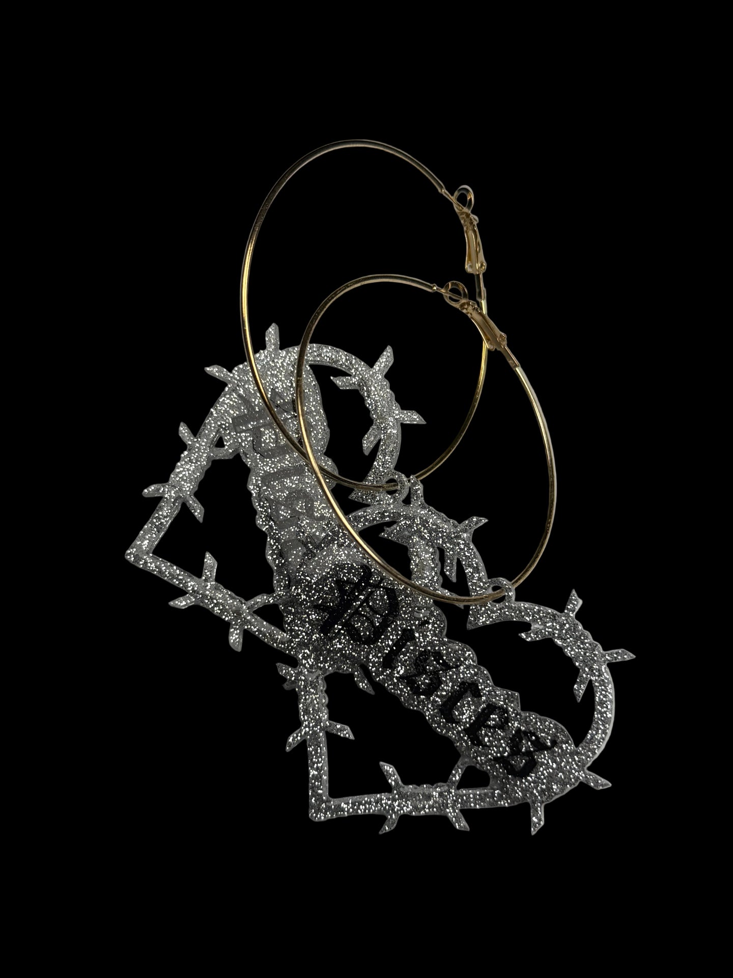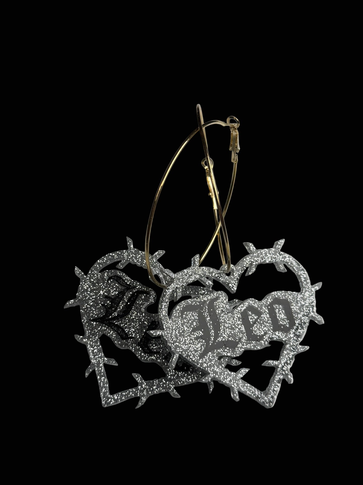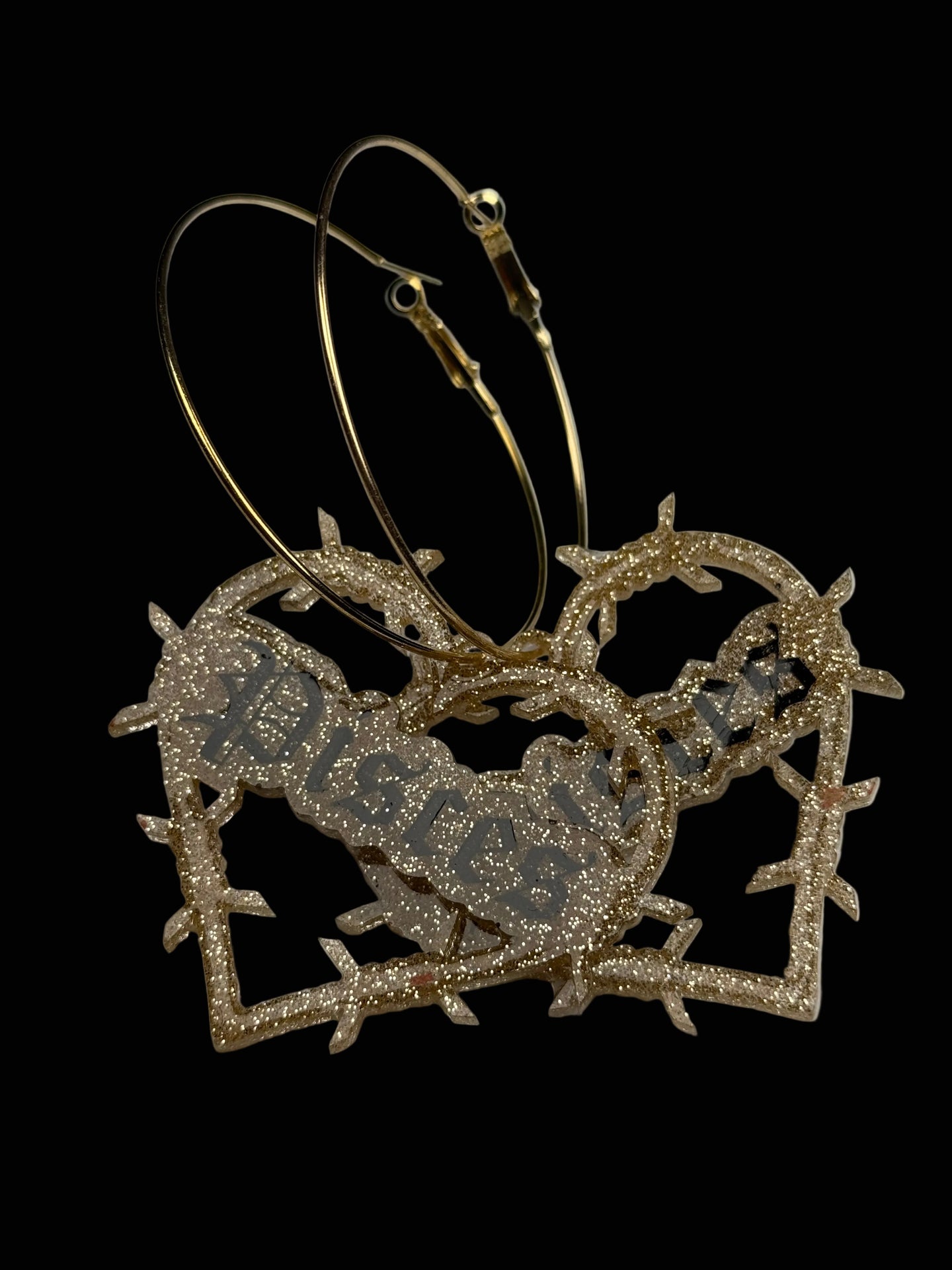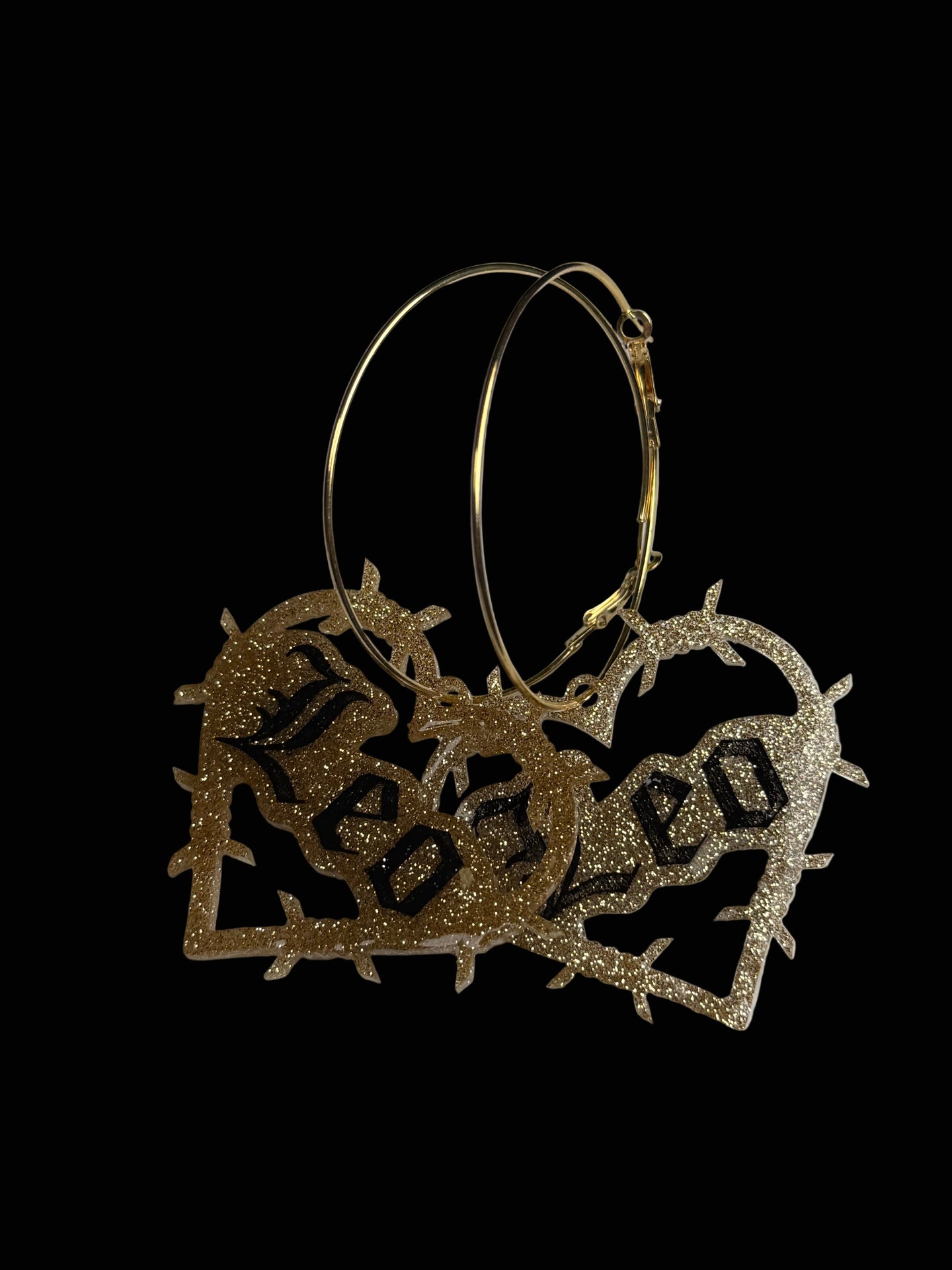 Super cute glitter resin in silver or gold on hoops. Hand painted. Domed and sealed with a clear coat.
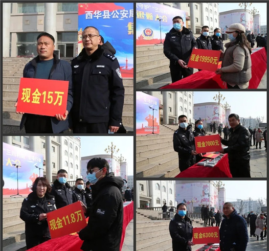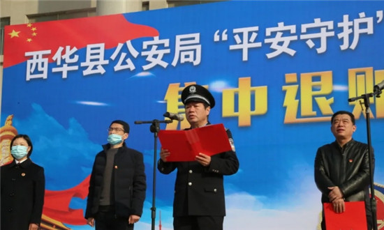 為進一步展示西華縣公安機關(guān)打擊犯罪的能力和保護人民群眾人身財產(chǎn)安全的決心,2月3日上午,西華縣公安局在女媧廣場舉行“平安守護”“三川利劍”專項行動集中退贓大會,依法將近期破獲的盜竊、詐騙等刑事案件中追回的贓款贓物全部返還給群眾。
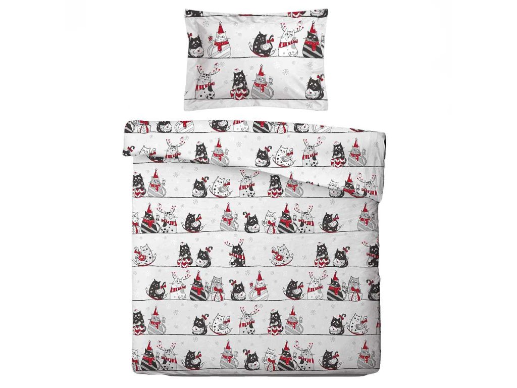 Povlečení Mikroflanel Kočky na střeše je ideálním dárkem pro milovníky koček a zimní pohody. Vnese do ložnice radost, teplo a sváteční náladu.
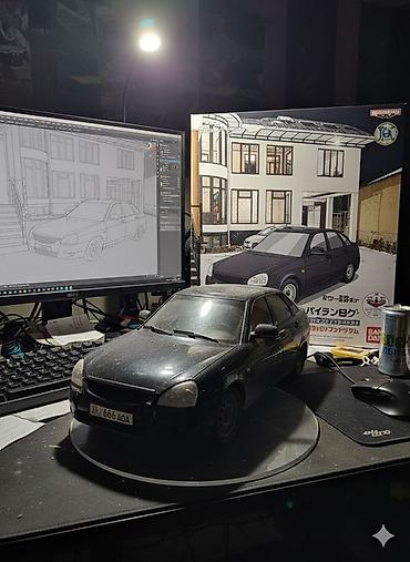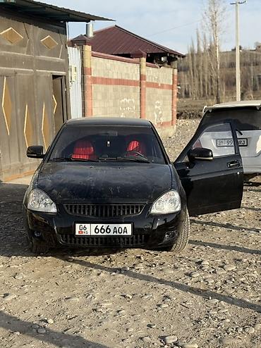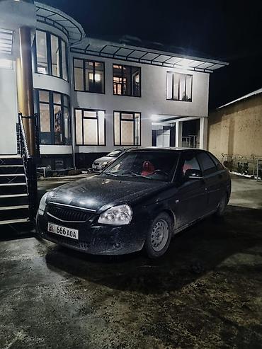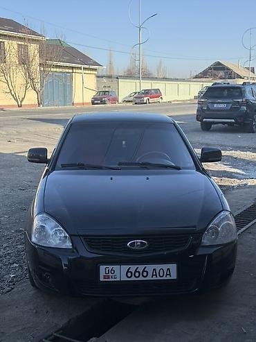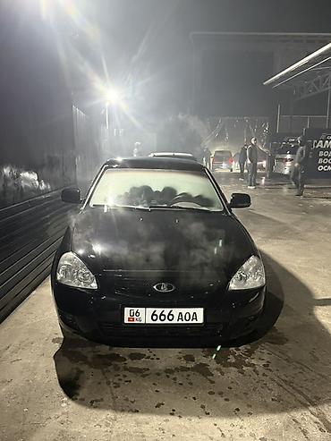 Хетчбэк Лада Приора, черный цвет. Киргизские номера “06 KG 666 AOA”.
--
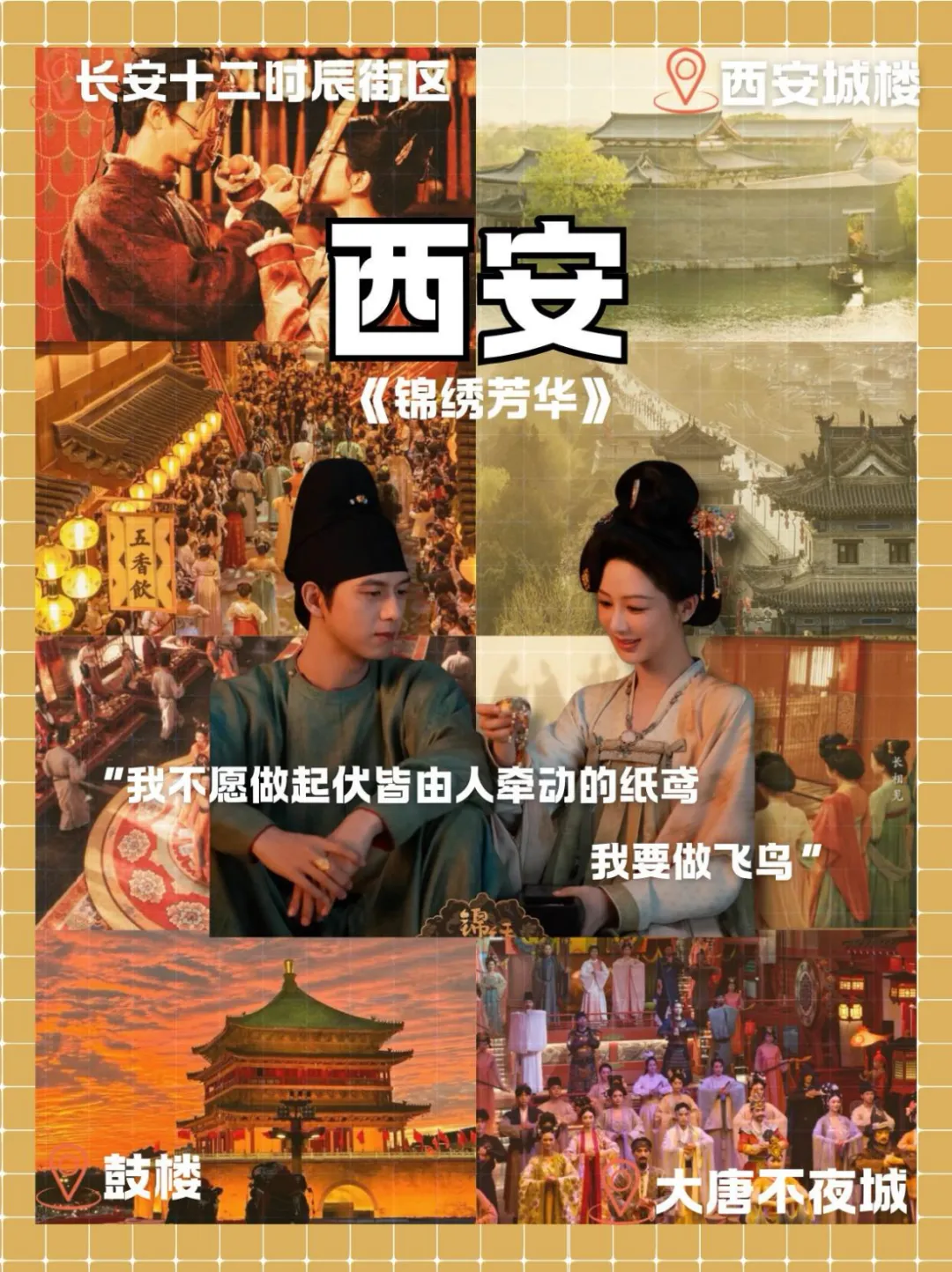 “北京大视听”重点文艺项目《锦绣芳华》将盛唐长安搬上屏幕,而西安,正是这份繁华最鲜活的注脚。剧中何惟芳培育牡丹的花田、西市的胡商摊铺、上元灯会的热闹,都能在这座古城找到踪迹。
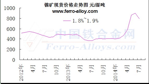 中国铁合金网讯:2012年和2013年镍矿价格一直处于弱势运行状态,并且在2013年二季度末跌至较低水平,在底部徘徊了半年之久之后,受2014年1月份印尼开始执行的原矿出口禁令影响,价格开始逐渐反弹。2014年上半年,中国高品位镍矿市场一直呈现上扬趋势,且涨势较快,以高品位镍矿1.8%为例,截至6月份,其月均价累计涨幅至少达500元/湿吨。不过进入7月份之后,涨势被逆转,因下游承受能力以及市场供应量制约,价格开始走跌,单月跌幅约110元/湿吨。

• [EXERCISE DETAILS] Your answer must be the exact lines from the records above, from the one containing "Super cute glitter" through the one containing "為進一步展示西華縣公安機關(guān)打", both included, with every picture left out.

• [RESULT FOR THIS EXERCISE]
 Super cute glitter resin in silver or gold on hoops. Hand painted. Domed and sealed with a clear coat.
 為進一步展示西華縣公安機關(guān)打擊犯罪的能力和保護人民群眾人身財產(chǎn)安全的決心,2月3日上午,西華縣公安局在女媧廣場舉行“平安守護”“三川利劍”專項行動集中退贓大會,依法將近期破獲的盜竊、詐騙等刑事案件中追回的贓款贓物全部返還給群眾。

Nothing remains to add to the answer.